Emergency preparedness for Eastlake

Please volunteer to help establish an Eastlake emergency hub, get training in emergency preparedness, or be an emergency ham radio or satellite telephone contact

The Eastlake Community Council is committed to making our neighborhood as safe from disasters and emergencies as can be. First priorities are for Eastlake to become an emergency hub and to have emergency communications in place for when land lines, cell phones, and the internet are down. Eastlake needs volunteers for emergency planning and preparedness. Please contact ECC at info@eastlakeseattle.org about any of the volunteer opportunities below.

On why being a hub is so important, and to observe upcoming events in different hubs (see below about one on April 28), click here. Also, ECC invites doctors, nurses, and paramedics to join our confidential list to be contacted during a neighborhood-wide emergency. For how to get involved in Seattle’s volunteer emergency radio network, click here. For background about ham radio and how easy it is to learn and use, see the web site of the National Association for Amateur Radio by clicking here. If you already have a ham radio or a satellite phone, please let ECC know you are in the neighborhood so we can keep you in the loop.

Seattle’s Emergency Management Division is in the Police Department. Its web site can be reached by clicking here (phone number is 206-233-7123). On that web site you will find much useful background, including opportunities for free trainings on different topics. To help yourself and your family, your neighbors, your workplace, and the Eastlake neighborhood, please take one of these trainings and let ECC know that you did. We will give you the opportunity to engage your new skills and keep you informed about preparedness efforts in the neighborhood. Contact ECC at info@eastlakeseattle.org.

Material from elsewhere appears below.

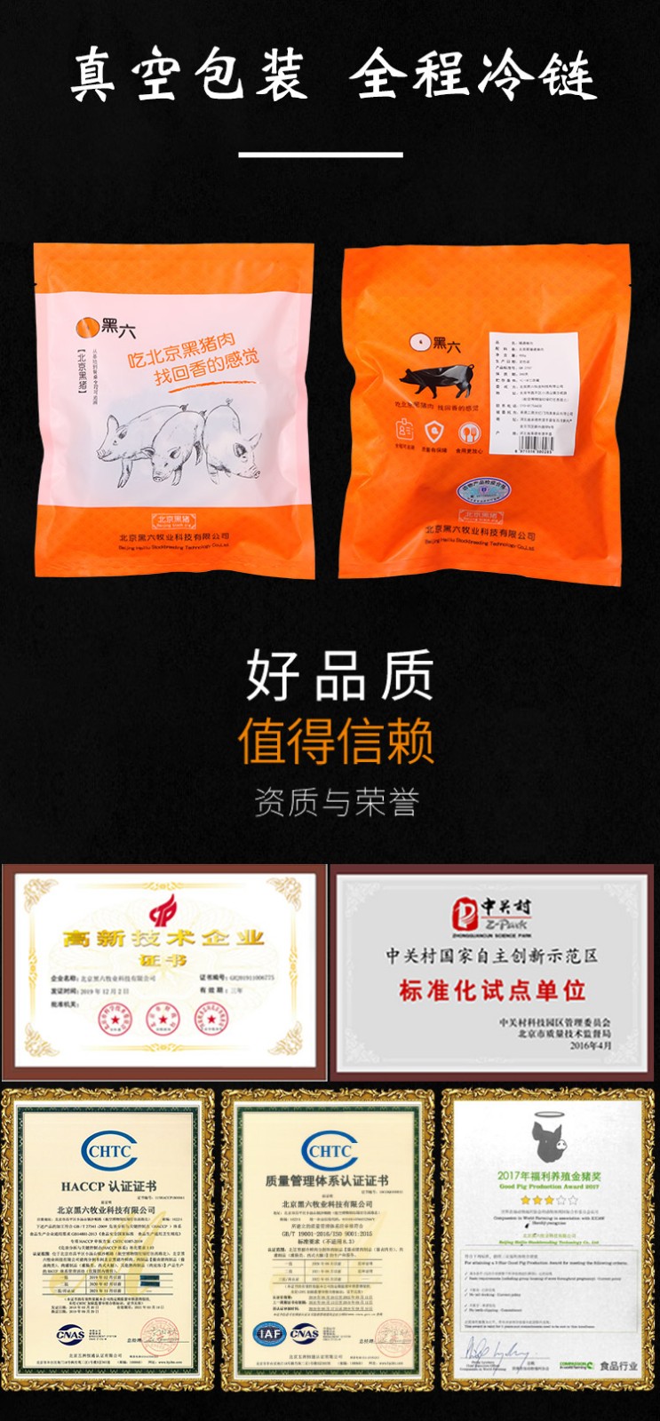 公司利用北京黑豬自有知識(shí)產(chǎn)權(quán),通過科技支撐,建立了從基地到餐桌的安全、優(yōu)質(zhì)食用農(nóng)產(chǎn)品加工的全程可追溯體系,“黑六”高品質(zhì)豬肉受到廣大消費(fèi)者關(guān)注和接受。隨著北京黑豬全產(chǎn)業(yè)鏈的延伸和發(fā)展,公司獨(dú)創(chuàng)的“黑六”品牌日益受到消費(fèi)者青睞。“黑六”產(chǎn)品通過超市專賣、直銷、電商、餐飲等渠道步入了千家萬戶。被淡忘和追尋的肉嫩味美的北京黑豬肉通過黑六團(tuán)隊(duì)的精心打造,再度成為消費(fèi)者舌尖上的享受、餐桌上的靚麗一景。

What to do in an emergency

If you are aware of any fire, explosive risk, or crime that is about to occur, is in progress, or is very recent, please call 911 immediately. Additional phone numbers, e-mail addresses, and web sites can be found on this web site’s hot line page in column at right, which you can also reach by clicking here. Much useful background on emergency preparedness (and news and guidance in an actual emergency) is available on the City’s emergency management web site by clicking here. Many other web links are also provided there. Click here for the Seattle KCPQ TV channel 13 story on emergency preparedness that featured the Eastlake Community Council’s well-attended Nov. 10, 2015 public meeting.

Fire Department

Eastlake is fortunate to have nearby the important protections of brave Seattle Fire Department employees and their equipment at Fire Station 22, just east of I-5 at 901 E. Roanoke Street. If you know of a fire or the potential for explosion, call 911. Station 22 usually has an open house in February of each year. For the date, contact the Seattle City Customer Service Bureau at (206) 386-1234 or see the Eastlake Community Council web site’s calendar at the top of the column at right.

911 and (206) 625-5011

Our brave police officers are the first to say that they can’t do it alone. They urge you to call 911 right away if you see any law-breaking or expect it to occur imminently. Police can’t respond if you don’t alert them, and are more likely to patrol our neighborhood if there is a pattern of past calls to 911. Nothing is too small to report, and a crime need not have been committed. Calls can be anonymous, but it is best to give your name (you can ask that it be withheld from public disclosure). There is a record made of each call; if you plan to request the record, ask the call-taker for the event number. The 911 system has plenty of capacity, so you won’t compete with another call that you fear could be more urgent. The operators are professionals who know where to refer your call.

An alternative to 911 is the Police Department’s “non-emergency” number, (206) 625-5011 (then dial 2 and then 8 to reach a dispatcher). This is for questions about something suspicious occurring in your neighborhood, and you are not sure it is criminal activity; to report a non-emergency crime that did not just occur, and the suspects are not in the immediate area; or to report a nuisance, such as a noise or parking complaint. But please call one or the other number when you see suspected or actual law-breaking.